* **TASK PROMPT**:
Only the lines from the start of the data through the line containing "Удобная планировка: общая" should be written out, exactly as they are, with both ends included and the pictures left out.

(Items listed in a dataset)
+++

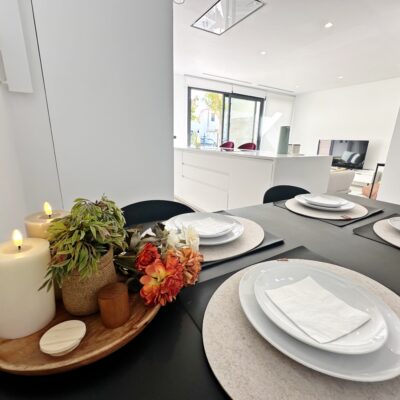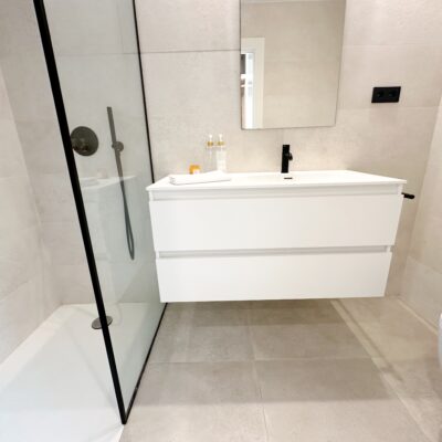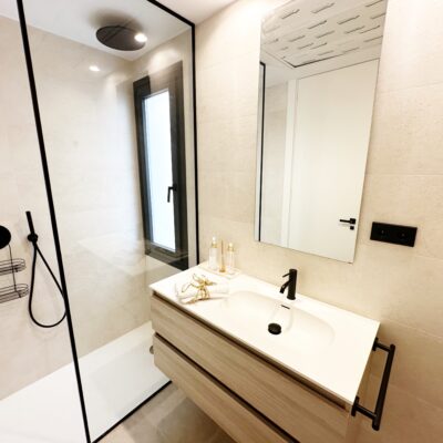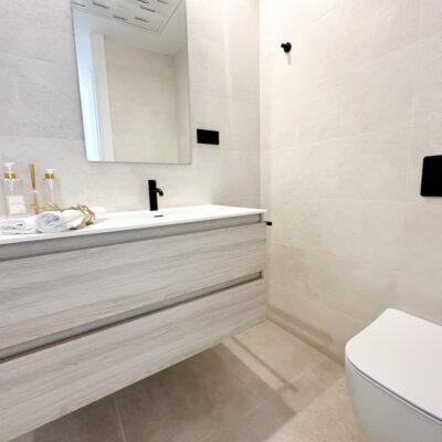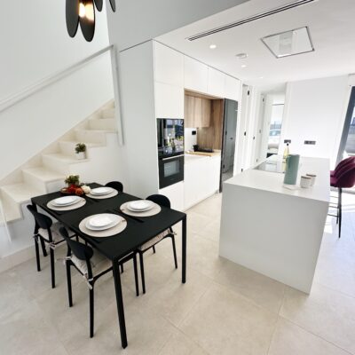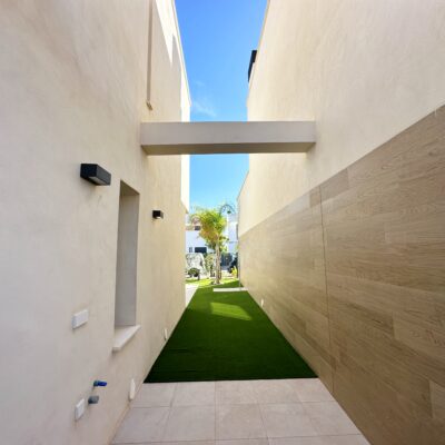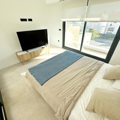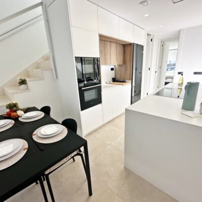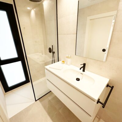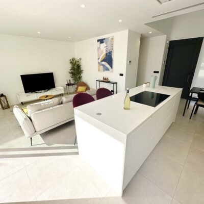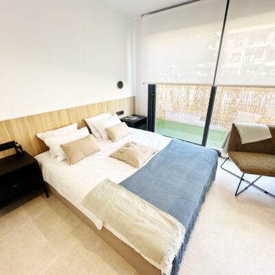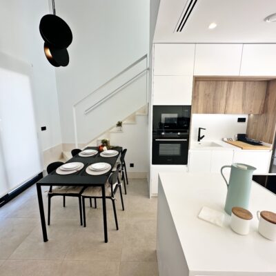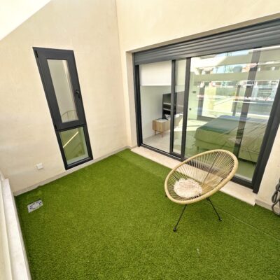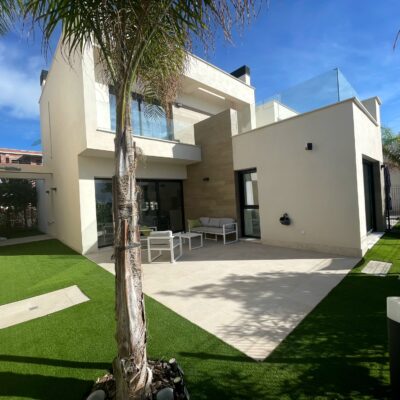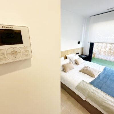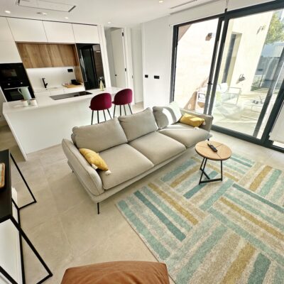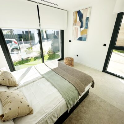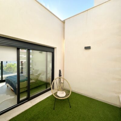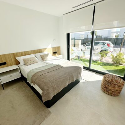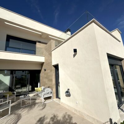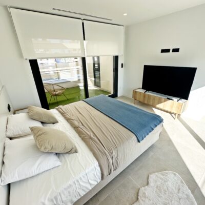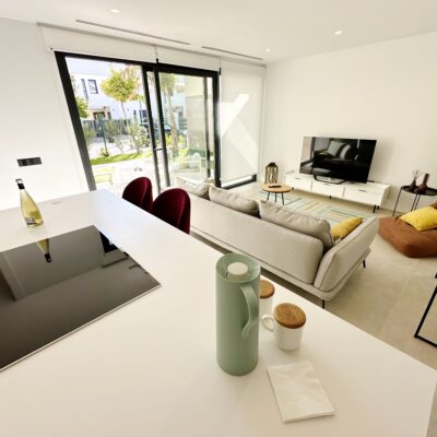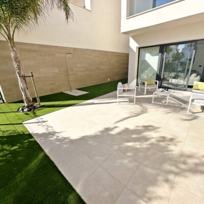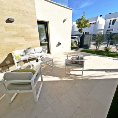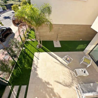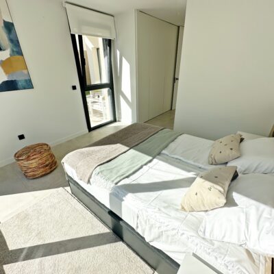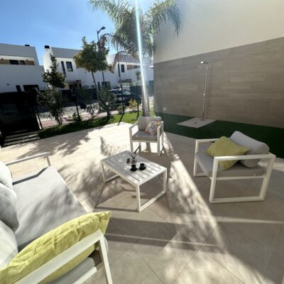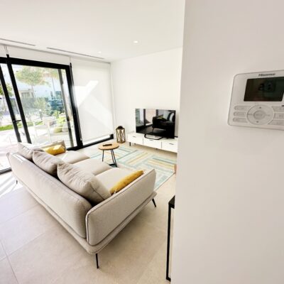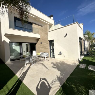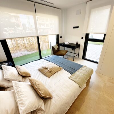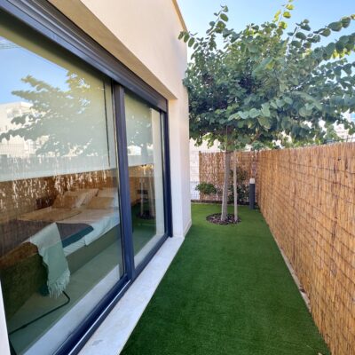 The property is sold fully furnished, has an A-class energy rating, Airzone climate control, an outdoor shower in the garden, and the option for quick completion – with no need to wait for a new construction phase.
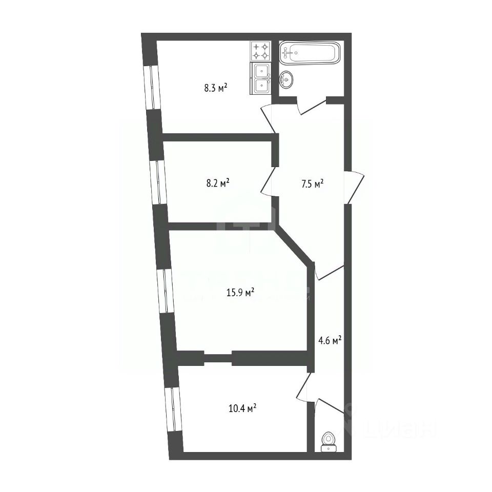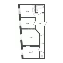 Удобная планировка: общая площадь 56,9 кв.м, просторная жилая площадь 34,5 кв.м, три изолированные комнаты, кухня 8,3 кв.м.
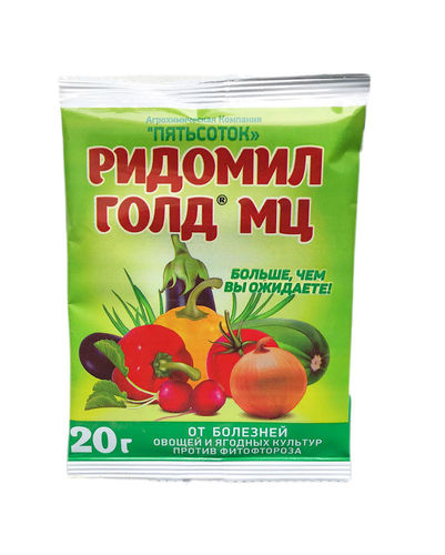 Чаще всего препарат «Ридомил Голд», инструкция по применению которого будет рассмотрена нами ниже, используют для профилактики: фитофтороза и альтернариоза томатов или картофеля, пероноспороза огурцов и лука, милдью винограда. Очень эффективен «Ридомил Голд» именно от пероноспоровых грибов. От мучнисторосяных его не применяют.Признаки милдью Это грозное заболевание может уничтожить весь урожай винограда буквально за несколько дней. Как и у огурцов, листья лоз сначала покрываются маслянистым желтым налетом сверху и грибницей снизу, а затем подсыхают и опадают. Кожица пораженных ягод винограда сморщивается. В результате они принимают грушевидную форму. Не поражает милдью только уже созревшие ягоды. В целях профилактики подобных неприятностей и следует использовать «Ридомил Голд». Применение для винограда его считается даже более эффективным, чем традиционной бордоской жидкости.
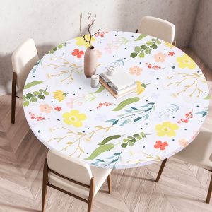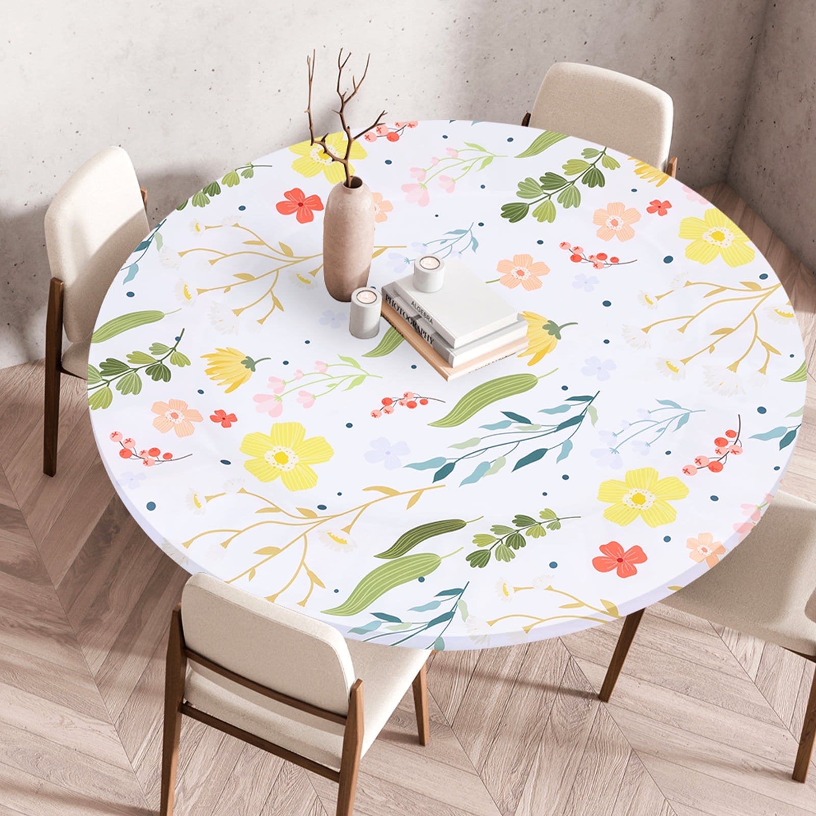 Tcwhniev Round Fitted Vinyl Tablecloth for 40 Inch Diameter, Elastic Edge, Wipeable Polyester Table Cover Decorative Protector Tablecloth for Indoor or Outdoor
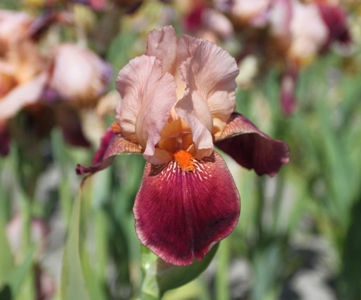 Рассада германских ирисов Циммарон Стрип (Cimmaron Strip) поможет в оформлении любого типа цветников, добавляя им нежности и привлекательности. Растение достигает в высоту 75 см, листья его плоские, имеют форму меча и не слишком толстые. Великолепный цветок достаточно крупный с верхними лепестками насыщенного оранжевого цвета и нижними – бордового и фиолетового оттенка. При цветении ирис Cimmaron Strip отличается устойчивостью к морозам. Также растение любит много света и отлично произрастает в черте города, в связи с чем, часть используется для насаждений в парках, около водоемов. А вот при плохой влажности цветки начинают быстро вянуть.
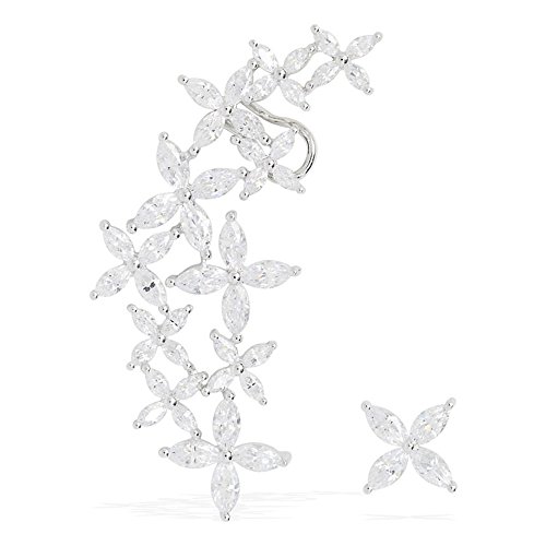 Cubic Zirconia Lilac Flower Cluster Cartilage Ear Wrap Cuff Stud Earrings Silver Tone
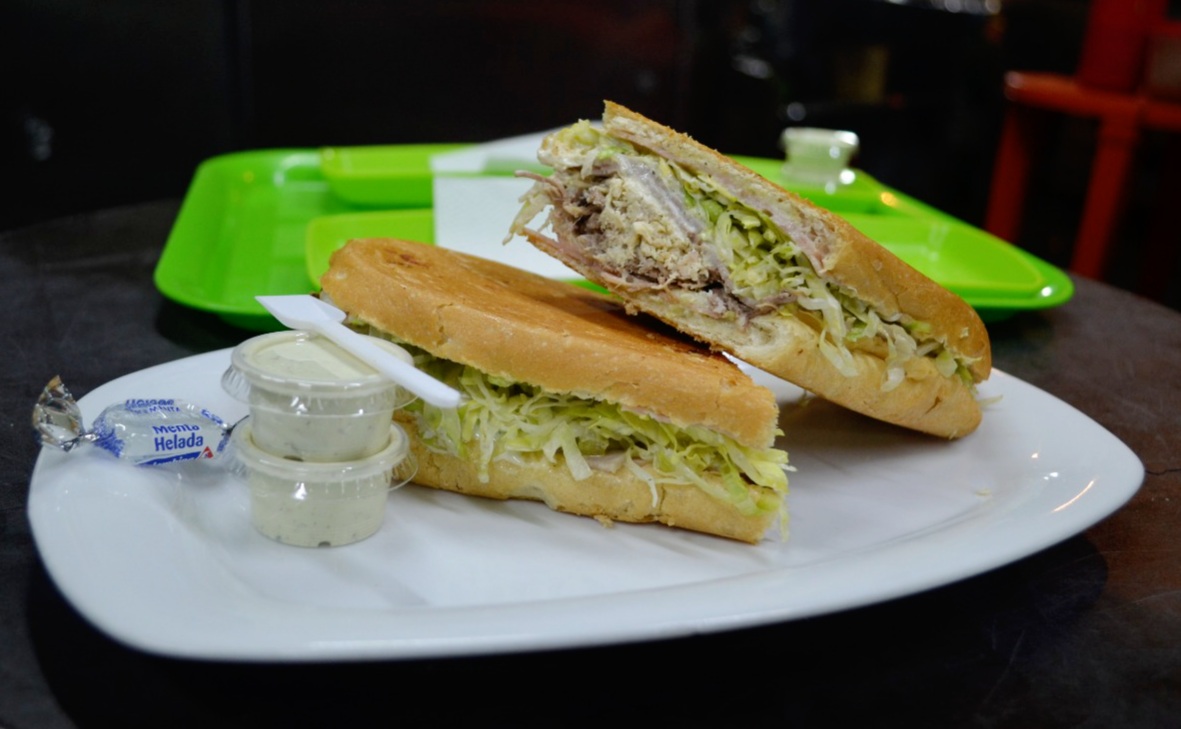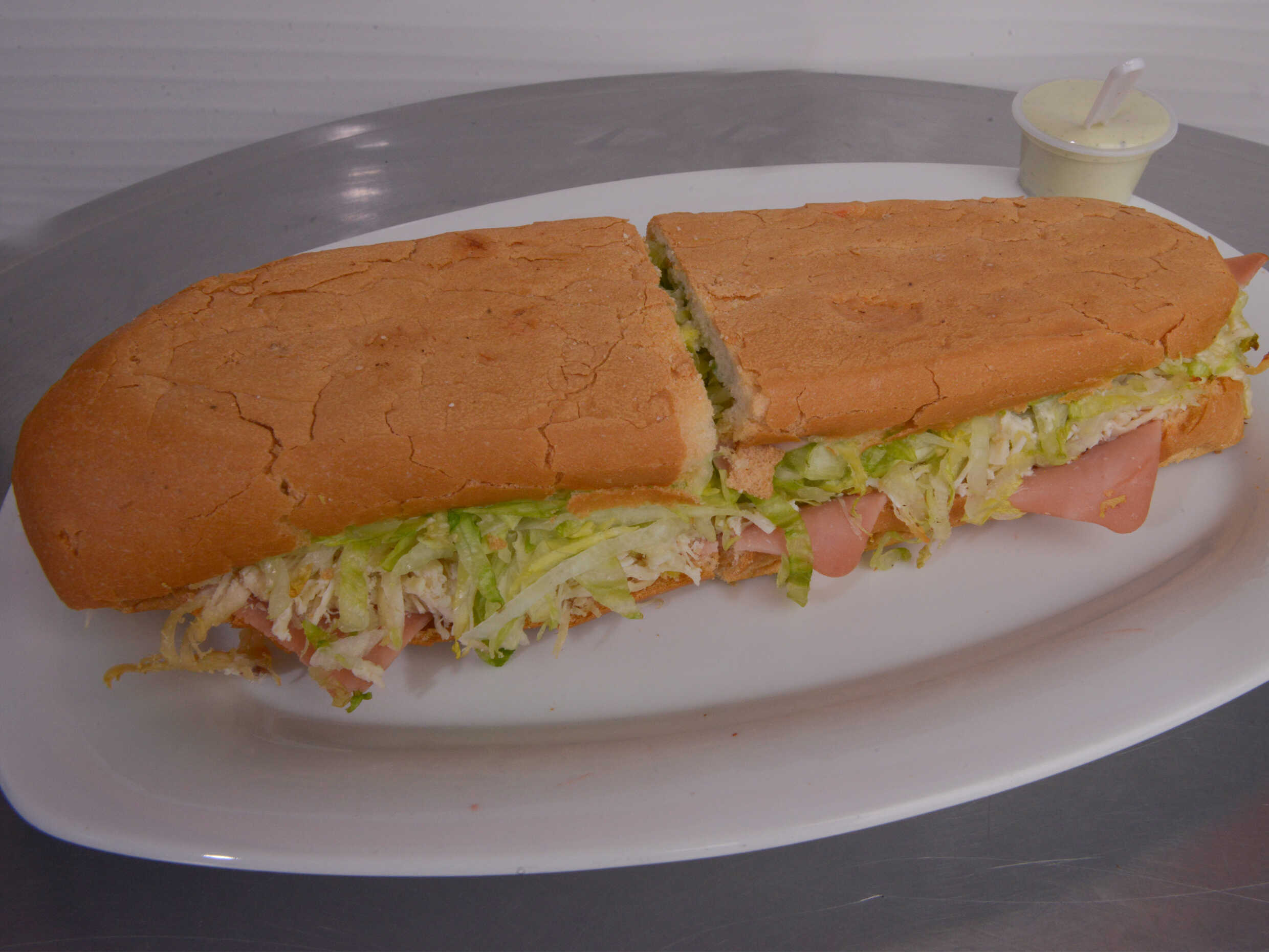 Lechuga, tomate, jamón, queso y salami con exquisita salsa de ajo de la casa, salsa rosada y piña

+++

* **RESPONSE**:
 The property is sold fully furnished, has an A-class energy rating, Airzone climate control, an outdoor shower in the garden, and the option for quick completion – with no need to wait for a new construction phase.
 Удобная планировка: общая площадь 56,9 кв.м, просторная жилая площадь 34,5 кв.м, три изолированные комнаты, кухня 8,3 кв.м.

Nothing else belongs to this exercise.